Proponents of electoral reform always point to the former Conservative government's Fair Elections Act as evidence of not needing a referendum. There are so many things wrong with that argument that it's surprising to see so many intelligent people using it to defend Liberal reforms. Although the Council Of Canadians and Canadian Federation Of Students filed a failed injunction against the Fair Elections Act, it's the failure of their injunction that proves the comparison is apples and oranges.

The Fair Elections Act did not change how votes are cast and tabulated in Canada. Furthermore, it didn't change electoral boundaries or the number of seats in the House Of Commons – something that could change again with a proportional or transferable voting system. The constitution currently requires boundaries to be reviewed every ten years. Laws also require each province to have an independent commission tasked with redrawing their own provincial boundaries based on a particular formula. These are all things that any reform bill would have to consider. They're all things that remained completely unaffected by the Fair Elections Act.
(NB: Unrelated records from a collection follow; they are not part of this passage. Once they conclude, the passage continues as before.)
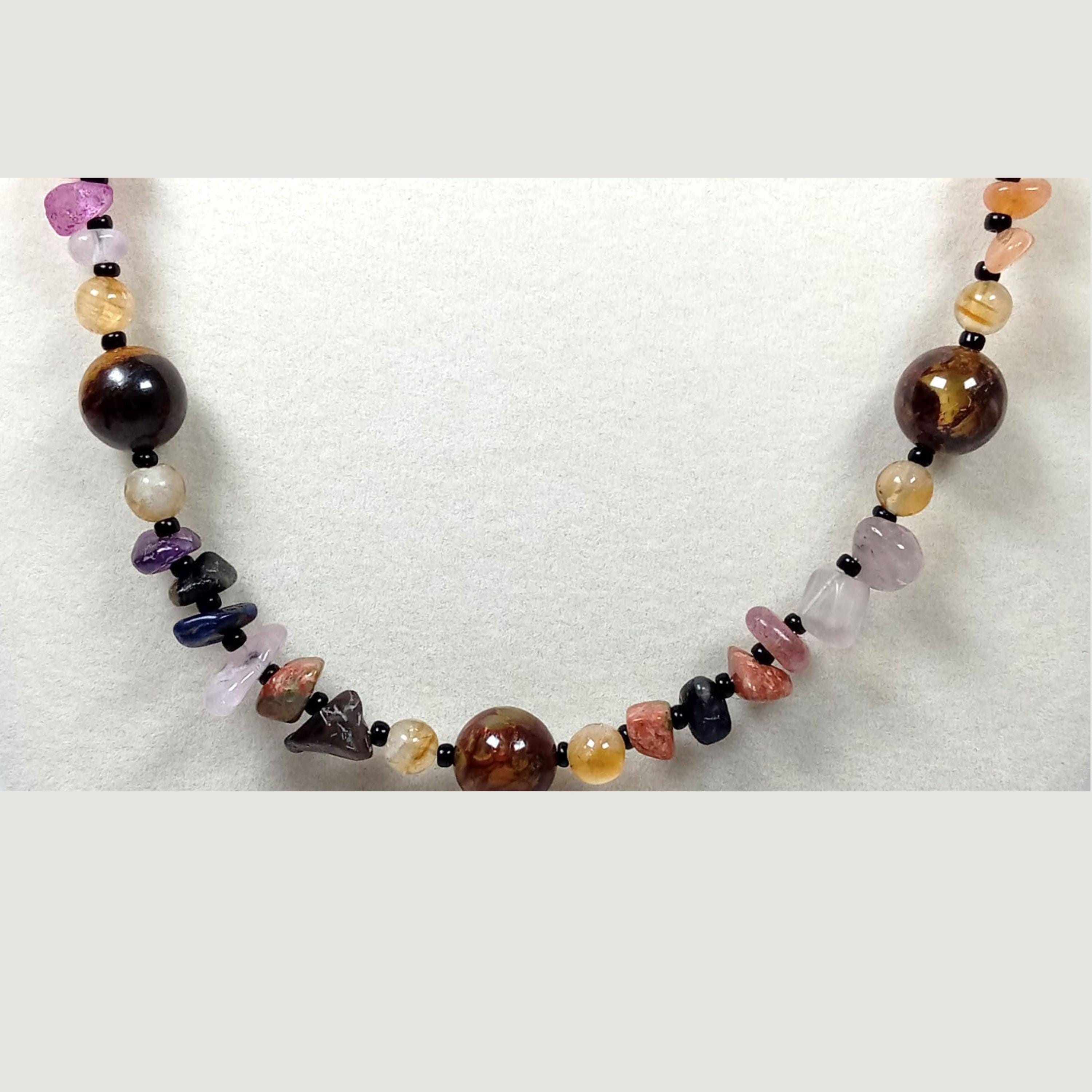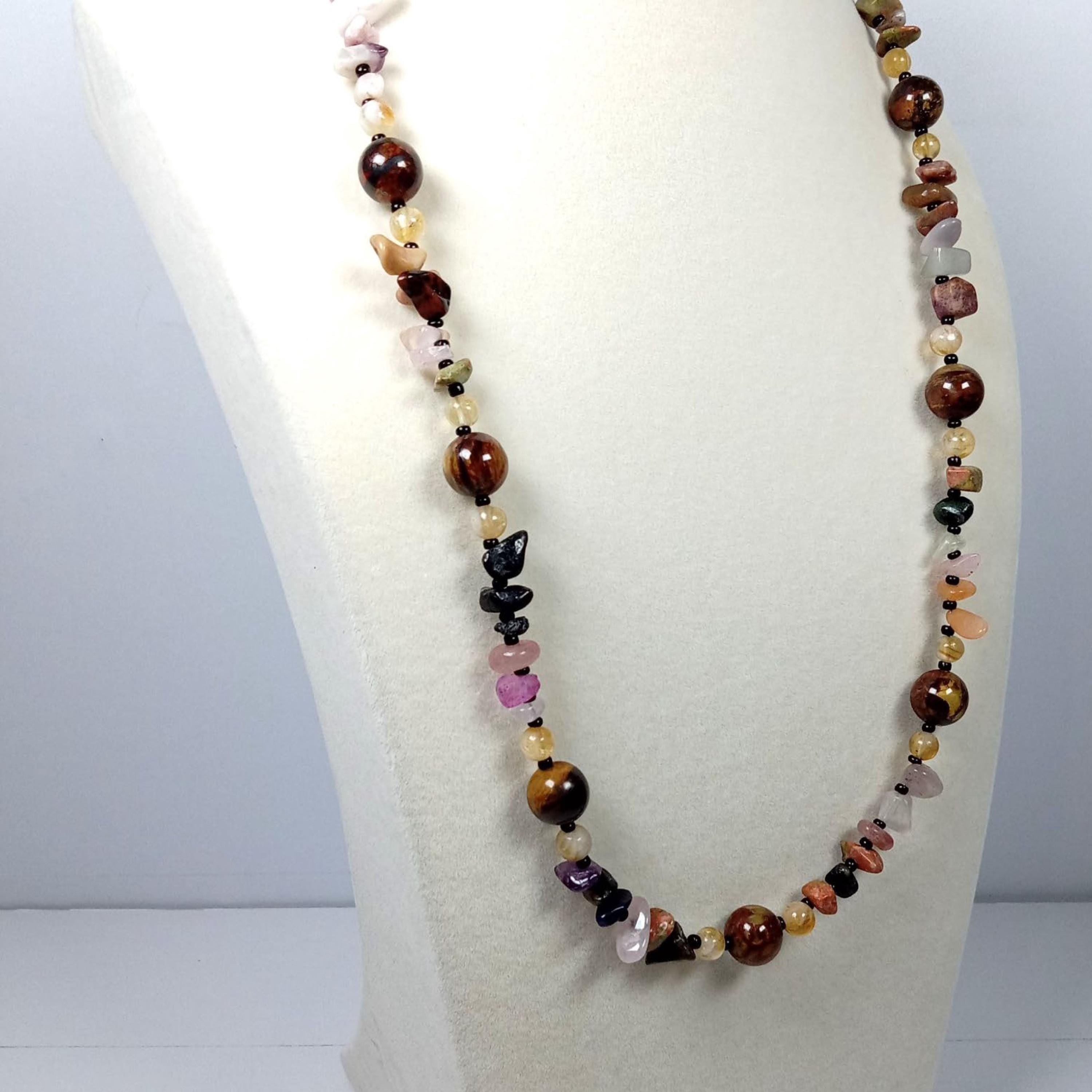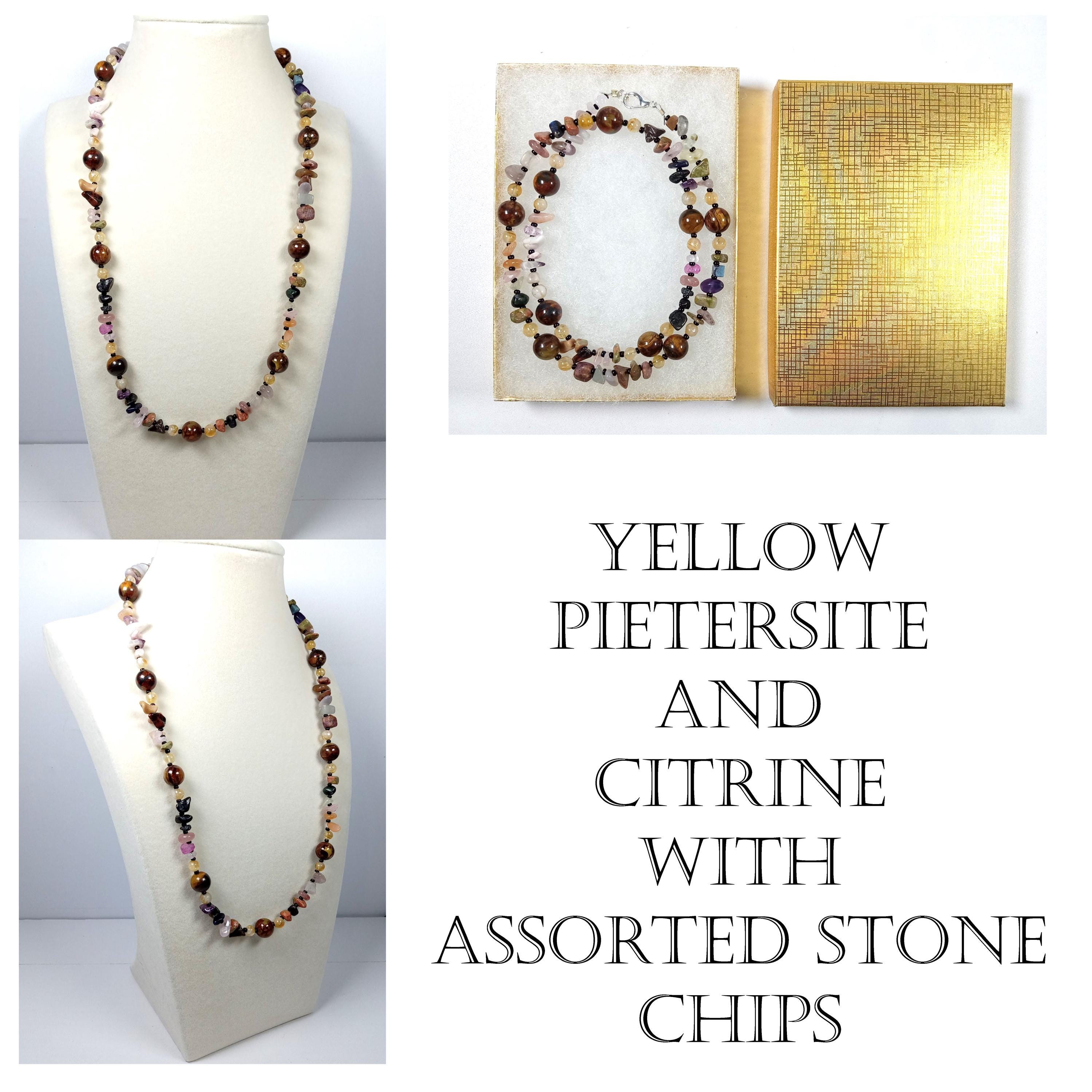 This one-of-a-kind Yellow Pietersite and Citrine with Assorted Stone Chips necklace is made with natural stones. One of the beads are birthstone for the month of November.
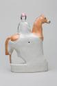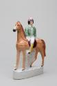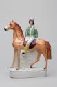 The successful jockey Fred Archer is depicted seated on a large horse. This ornament has a flat back so that it can be displayed on a mantlepiece.
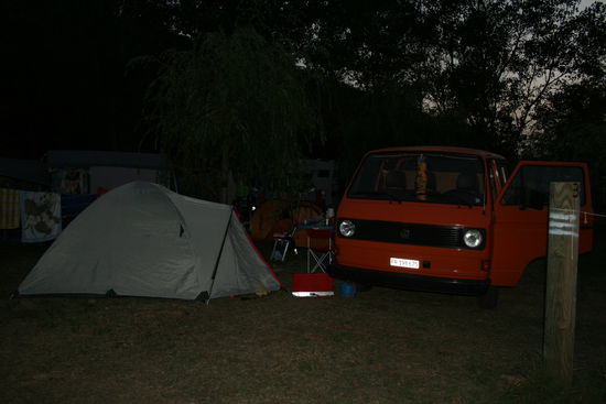 Als wir unseren Platz bezogen hatten, und uns zur Abkühlung ans Meer begaben, sahen wir fast nur Schweizer auf dem Campingplatz. Totale Invasion.
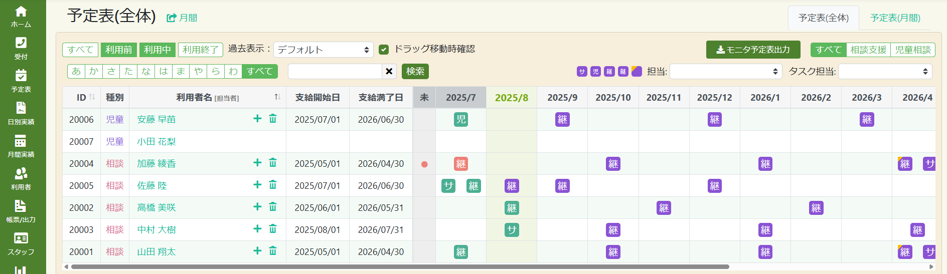 メインメニューの【予定表】では、計画とモニタリングの予定を一括で管理ができます。
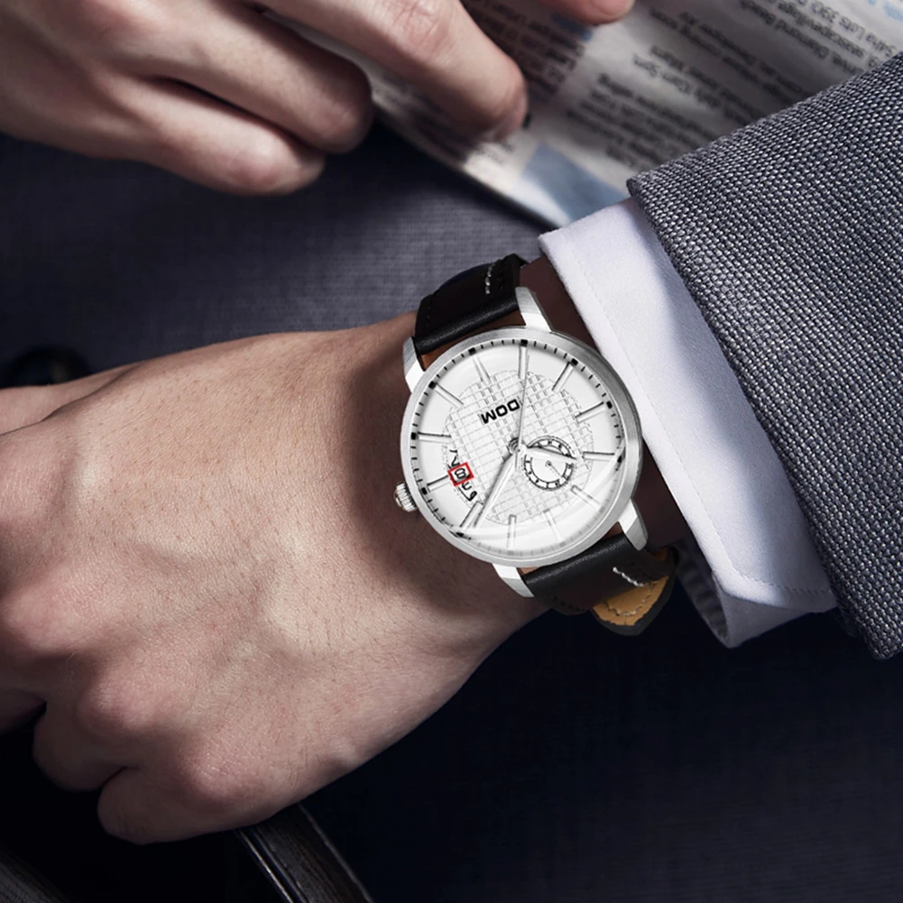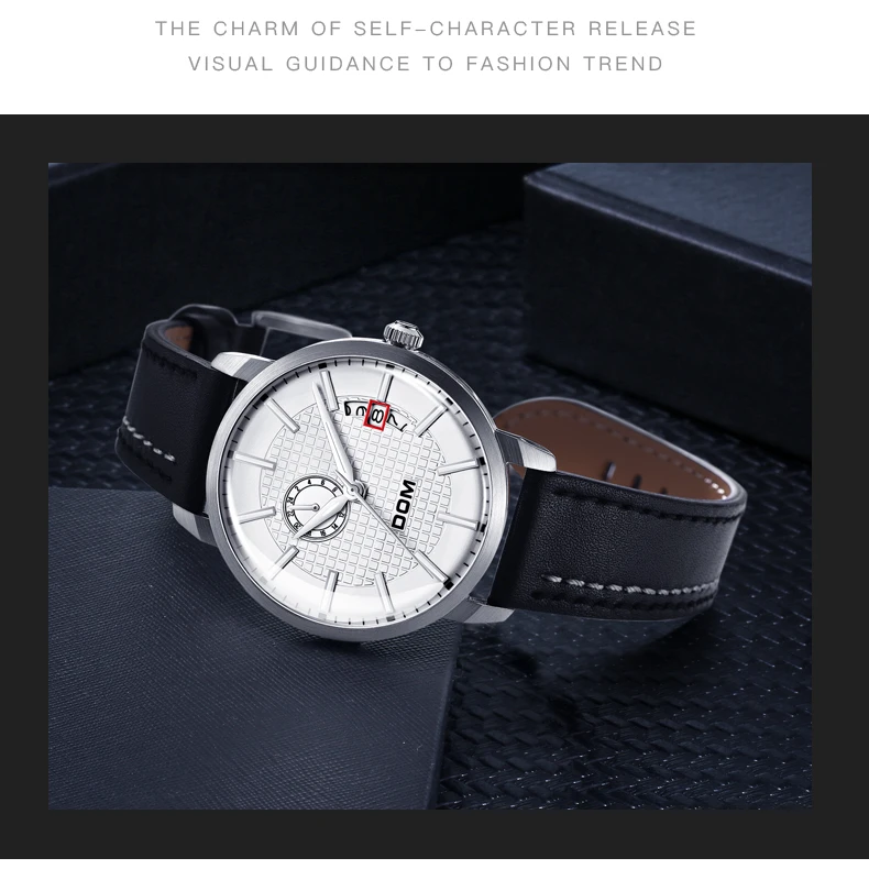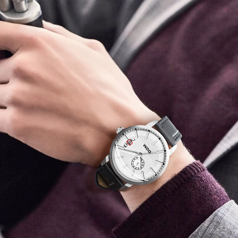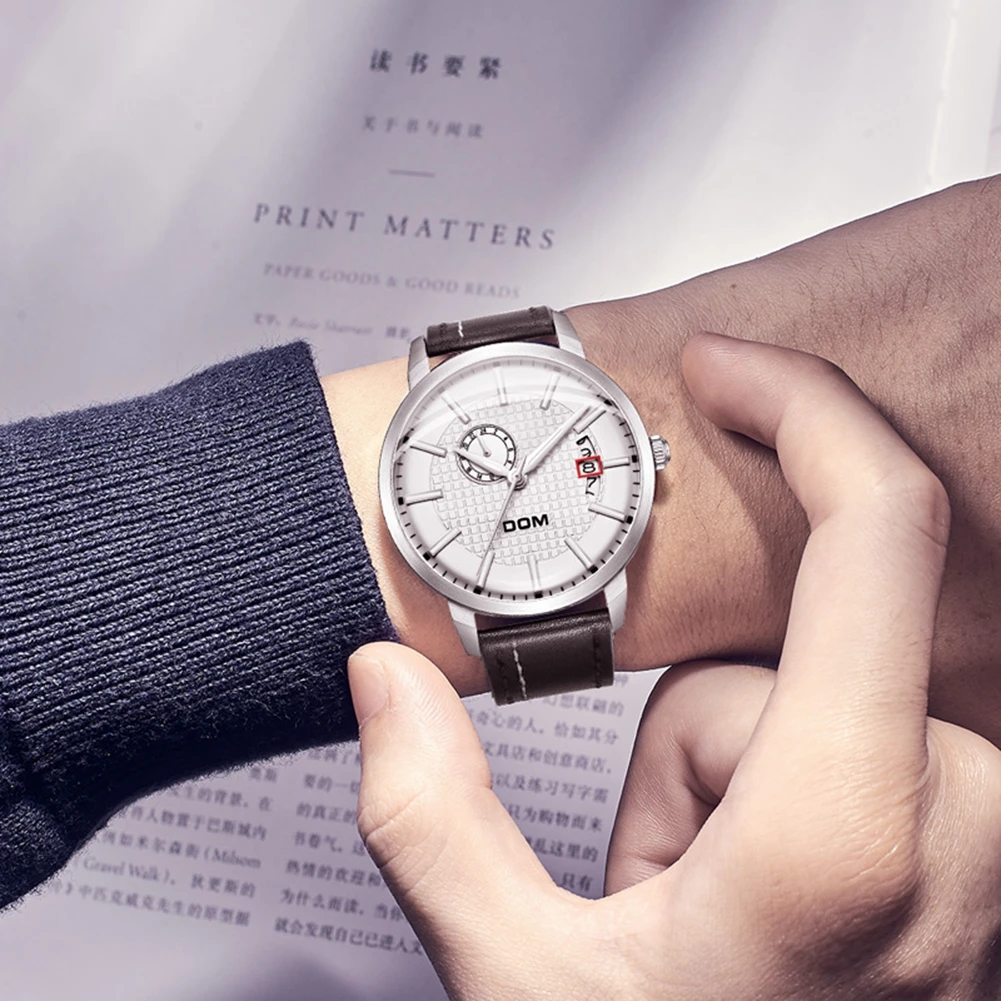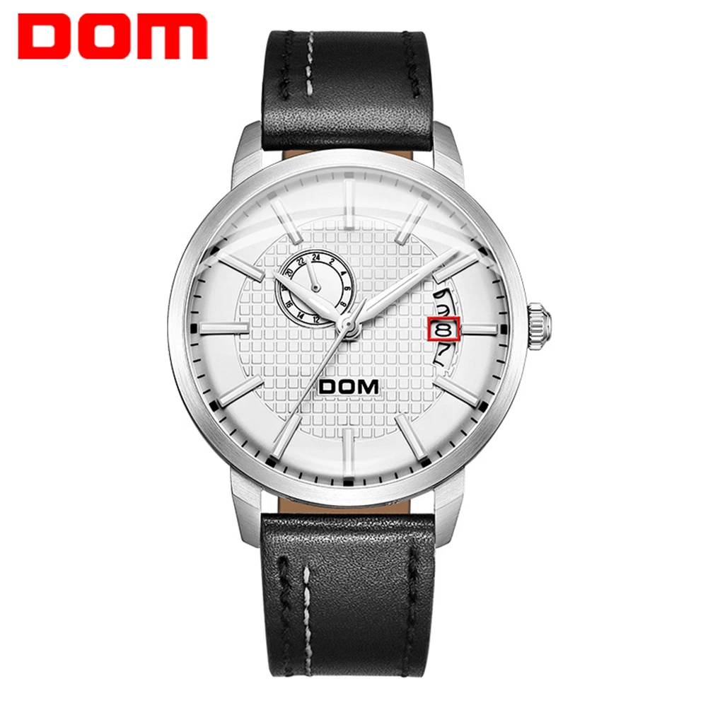 DOM мужские водонепроницаемые часы с кожаным ремешком тонкие кварце...
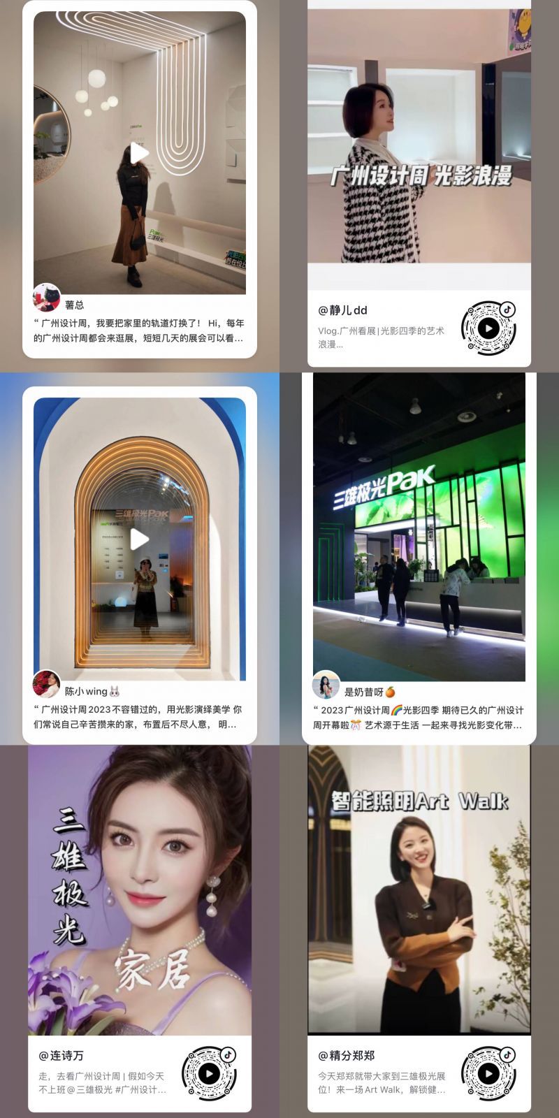 顯然,在內(nèi)容為王的新媒體時代,三雄極光在2023廣州設(shè)計周上以高質(zhì)量的內(nèi)容傳播方式,開辟出了品牌營銷的新賽道,在短視頻的紅海市場里解鎖流量密碼,順勢出圈!
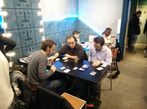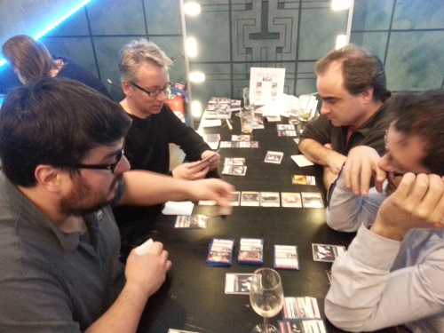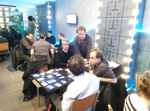 Le bilan est très positif, j’ai eu des joueurs -et des joueuses!- très différents, ce qui m’a permis de vérifier le gameplay avec des joueurs novices ou des joueurs expérimentés. Au total j’ai présenté Spy Wars à une quinzaine de joueurs que je ne connaissais pas, ce qui m’a permis d’avoir un avis objectif, des critiques constructives et des idées que je n’avais pas eues avant. Merci en tout cas au Dernier Bar pour la super organisation et l’ambiance ludique et conviviale.
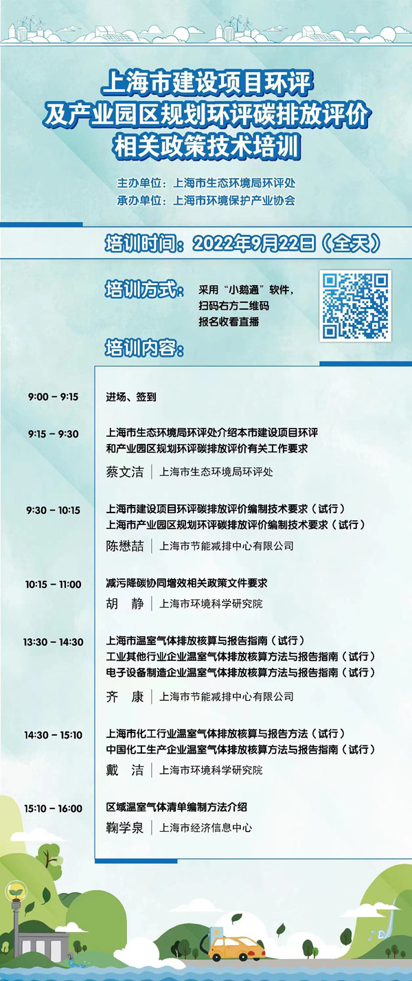 为贯彻落实碳达峰、碳中和的重大战略决策,推动污染物和碳排放环境影响评价管理统筹融合,促进减污降碳协同增效,由上海市生态环境局环评处主办、多多28承办的“上海市建设项目环评及产业园区规划环评碳排放评价相关政策技术培训”即将开班。
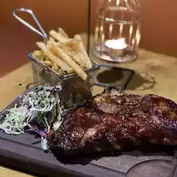 American grilled Spanish black hair pork ribs, using black hair pork is particularly hearty, BBQ sauce is very flavorful, the meat is baked very soft and slightly refreshing, good, beer crispy fries, especially crispy, and fresh salad vegetables neutralize the greasiness
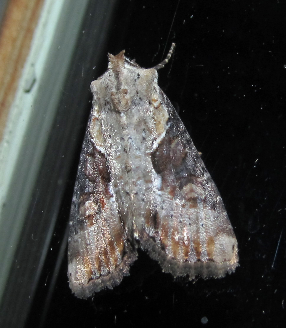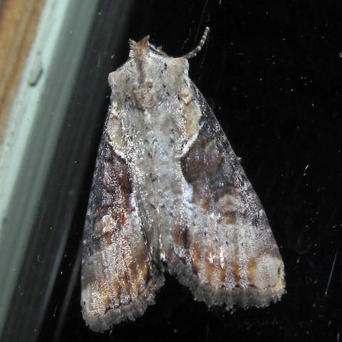 Observation notes: About 1 inch length, gray with brown patches on wings, head has a prominent shape

The Fair Elections Act didn't even accomplish what leftoid conspiracy theorists thought it would. It was supposed to have suppressed the votes and the voting rights of students, aboriginals and seniors. When all was said and done, voter turnout was the highest it had been in almost 20 years. In some aboriginal communities, voter turnout grew by 270%.

Conservatives shouldn't assume that any changes to our electoral system would make the Liberals unbeatable. Liberals might think that certain systems give them an advantage, but they should never underestimate the disdain that can grow among voters. Like it did with Harper, disdain can grow to fatal proportions. Even in a proportional or ranked ballot voting system, disdain for the Liberal Party could put them as third, fourth or fifth choice. If a new system allows voters to skip ranking and simply choose only a first choice, Liberals could face obliteration if they get too arrogant.

Liberals will likely remain stubborn on refusing to hold a referendum. They'll likely try to implement a system that gives their party a distinct advantage. Their status as a centrist, safe party does give them an advantage on most ranked ballots, but for the reasons above, Liberals would be foolish to think it makes them unbeatable. That won't stop them from trying. Their refusal to hold a referendum is evidence enough that they don't want Canadians to tamper with their efforts to rig the system. Their refusal to hold a referendum is deplorable enough to garner outrage. Whether a new voting system would improve or diminish Canadian democracy isn't the issue. The real issue is the Liberal Party's refusal to let democratic reform be decided fairly – by democracy.